Without knowledge or with knowledge and out of negligence, people in the slum area use this water for drinking and other household purposes. It must be understood that life in the slums is a night mere and affording clean water is not perhaps a priority. In the developing countries have the notion that if they cannot get enough food to feed the family why would they be bothered anyway to get clean water? In these countries, more than half of the population lives on less than a dollar per day. In fact, even when exposed to the health and sanitation dangers, people continue to use untreated water.

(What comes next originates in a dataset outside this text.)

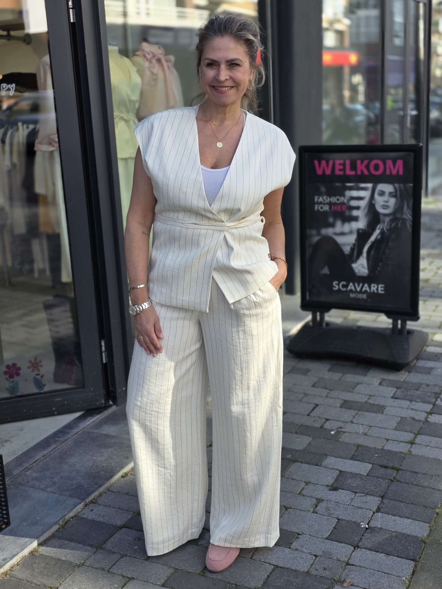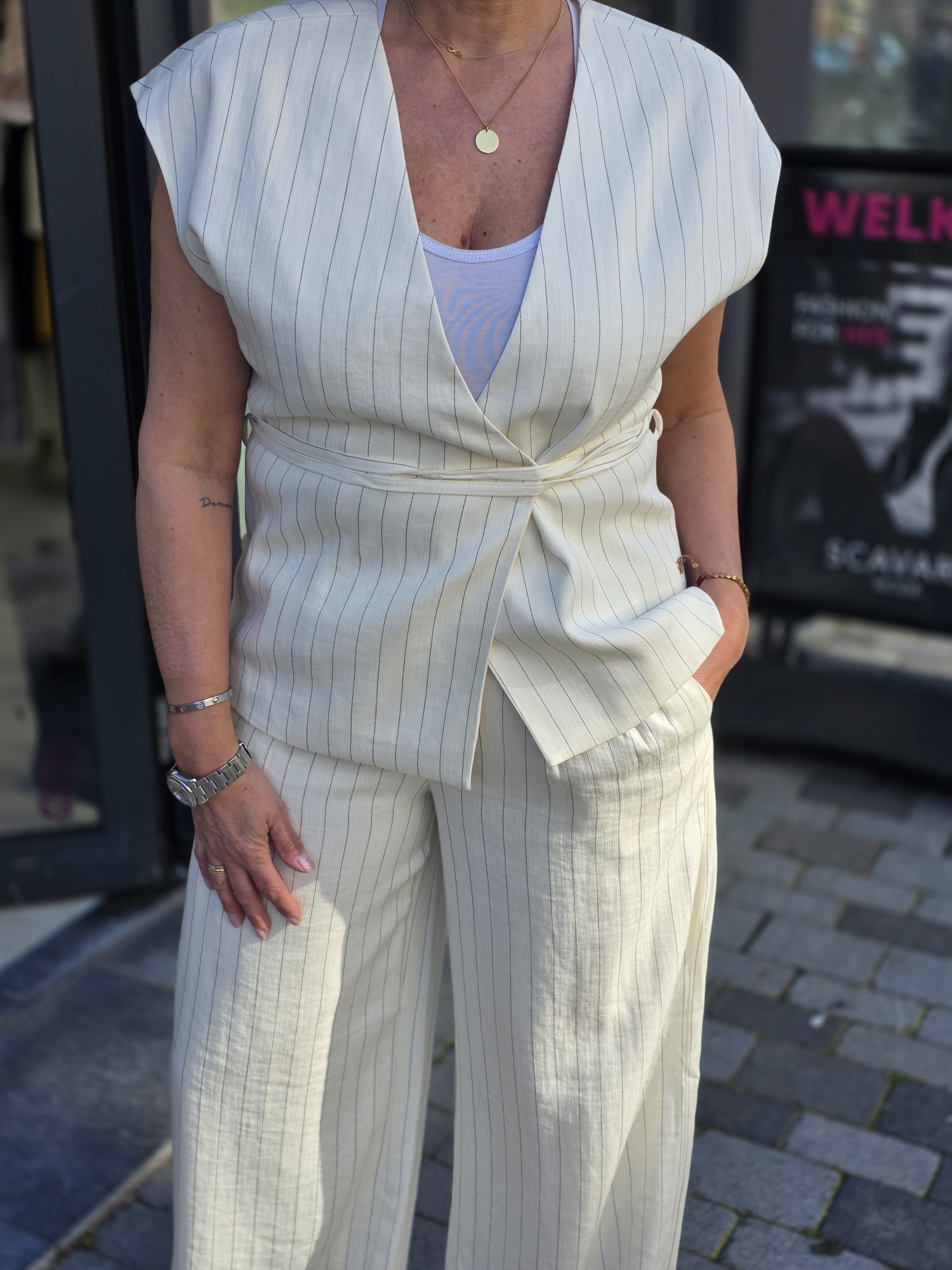 Het East-vest voor dames valt op door zijn iconische breisel, gemaakt van hoogwaardige Italiaanse garens. Het is ontworpen om zachtheid en warmte te bieden en is verkrijgbaar in een breed scala aan kleuren, zodat het bij elke stijl past. Dit veelzijdige vest is gemakkelijk te combineren en kan zowel over een overhemd worden gedragen voor een meer stedelijke look als over een T-shirt met korte mouwen voor een ontspannen en nonchalante uitstraling. Model draagt maat m.
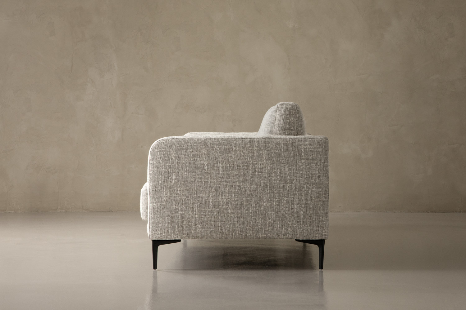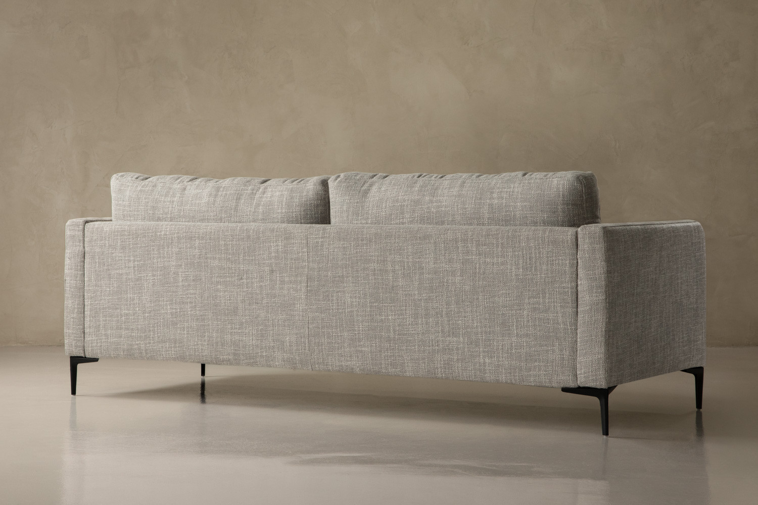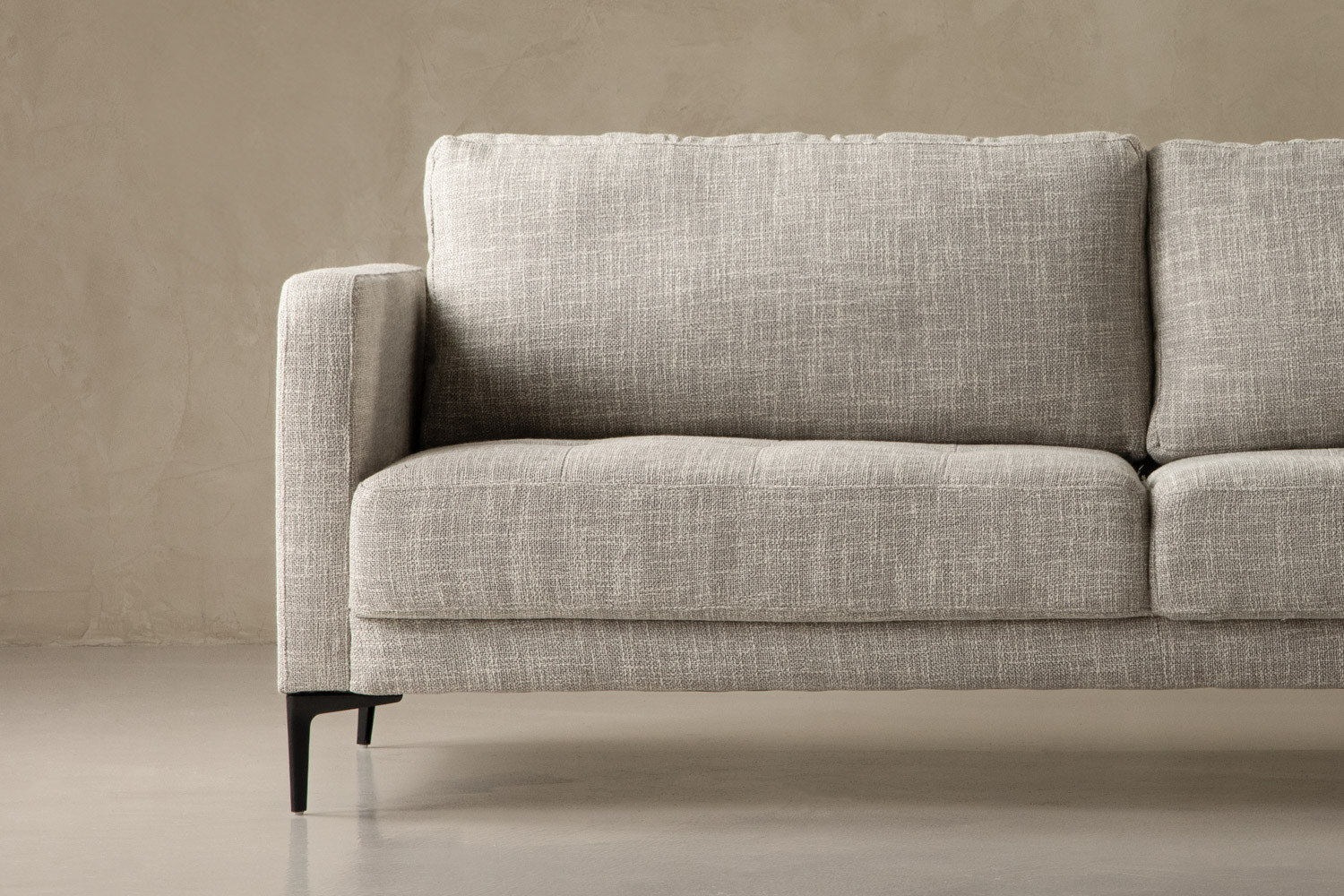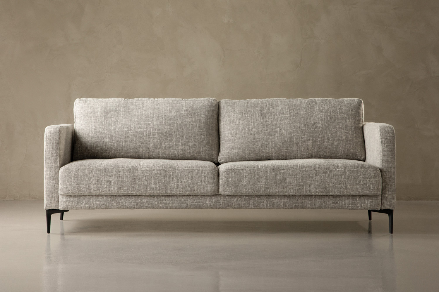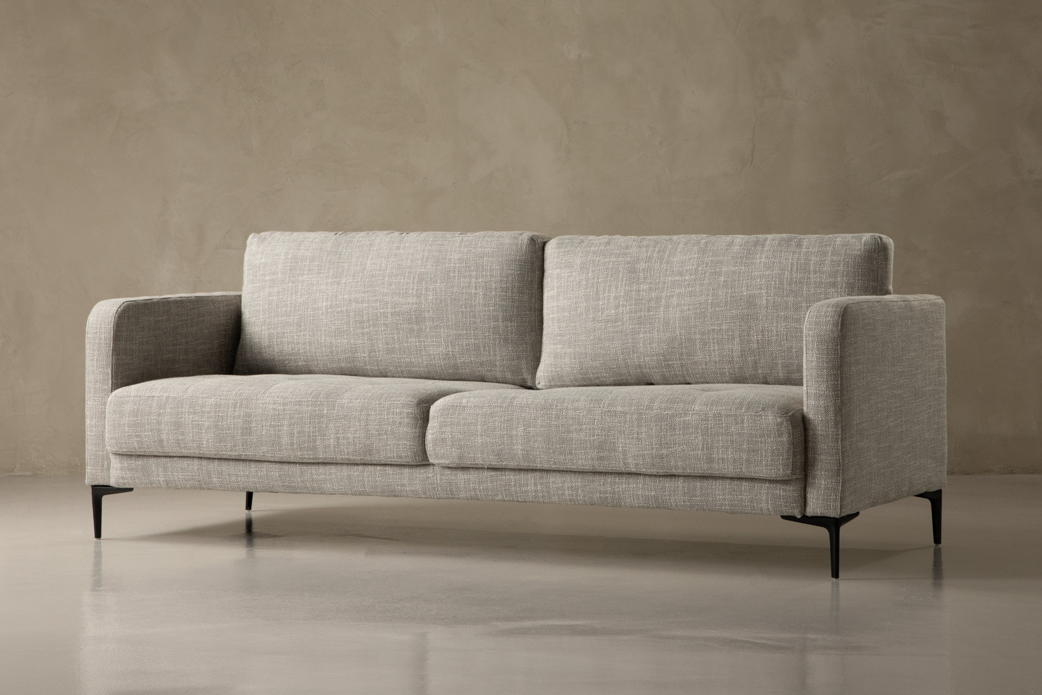 The Hayden 3-Seater Couch pairs plush cushioning with blind-tufted cushions and tapered steel legs for refined modern relaxation. Upholstered in a textured fabric with grey tones, this opulent design brings elegance to any lounge setting. Spacious seating and a classy silhouette complete this inviting piece.

With the help of the SODIS solar water disinfection, people are able to treat their drinking water in the most cost effective way possible. Surely, such innovations are required in the less developed countries since they reduce the cost of getting clean water, cases of water bone diseases and the household as well as national budget on disease treatments. What is needed is to educate the people on the benefits of using clean and safe water and the dangers of consuming untreated water.
The governments and NGOs must be seen moving hastily to provide clean and safe water to the people in the slum areas as well as offer community education on health and sanitation. The people must realize that a health community is a prosperous nation. People cannot work when they are sick due to using unsafe drinking water. The governments spend a lot of money in treating diseases, which could otherwise be avoided and that money channeled into other national development projects. The community must also understand that the money they use when caring for the sick and buying drugs for the ill people can be used for family development.